▶ _What is being asked_:
Your answer must be an exact copy of the records, with no pictures included.

▶ _Raw data_:
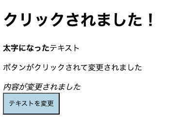 console.log('すべての要素が変更されました'); }); // --- 追加終了 ---</script>ブラウザを更新してボタンをクリックしてみてください。クリックすると、タイトル、2番目のメッセージ、スパン要素の内容がすべて変更されるはずです。
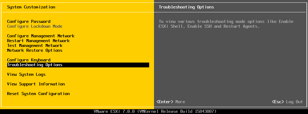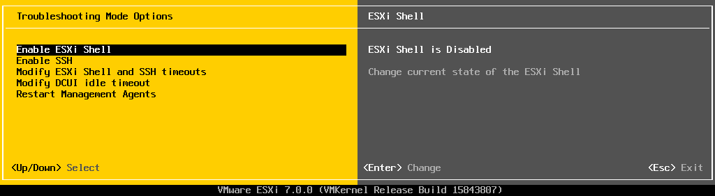 Здесь включаем при необходимости ESXi Shell и SSH-доступ к нашему ESXi-хосту путем выбора соответствующих строк и жмем Enter:
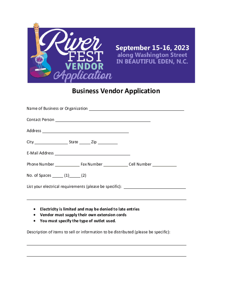 Get the free Business Vendor Application
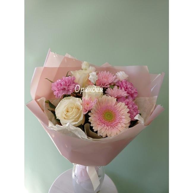 Каждая изготавливаемая флористом цветочная композиция является уникальной и может отличаться внешним видом, размером и оттенками цвета. Также возможны замены по ассортименту и составу цветов в зависимости от сезонности, наличия цветов и т.п. факторов. Итоговое исполнение заказа может незначительно отличаться от иллюстрации на сайте. При этом каждая цветочная композиция составляется из свежих цветов, и флористы предпринимают все усилия для того, чтобы цвет, форма цветочной работы как можно полнее соответствовали иллюстрации на сайте.
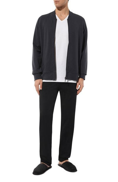 Для пошива лаконичной белоснежной футболки с V-образным вырезом использовали приятное телу джерси из отборного длинноволокнистого хлопка пима. Модель из такого гладкого тонкого материала с добавлением эластана не сковывает движения и отлично пропускает воздух, поддерживая комфортный микроклимат во время домашнего отдыха.

▶ _Solution to the exercise_:
 console.log('すべての要素が変更されました'); }); // --- 追加終了 ---</script>ブラウザを更新してボタンをクリックしてみてください。クリックすると、タイトル、2番目のメッセージ、スパン要素の内容がすべて変更されるはずです。
 Здесь включаем при необходимости ESXi Shell и SSH-доступ к нашему ESXi-хосту путем выбора соответствующих строк и жмем Enter:
 Get the free Business Vendor Application
 Каждая изготавливаемая флористом цветочная композиция является уникальной и может отличаться внешним видом, размером и оттенками цвета. Также возможны замены по ассортименту и составу цветов в зависимости от сезонности, наличия цветов и т.п. факторов. Итоговое исполнение заказа может незначительно отличаться от иллюстрации на сайте. При этом каждая цветочная композиция составляется из свежих цветов, и флористы предпринимают все усилия для того, чтобы цвет, форма цветочной работы как можно полнее соответствовали иллюстрации на сайте.
 Для пошива лаконичной белоснежной футболки с V-образным вырезом использовали приятное телу джерси из отборного длинноволокнистого хлопка пима. Модель из такого гладкого тонкого материала с добавлением эластана не сковывает движения и отлично пропускает воздух, поддерживая комфортный микроклимат во время домашнего отдыха.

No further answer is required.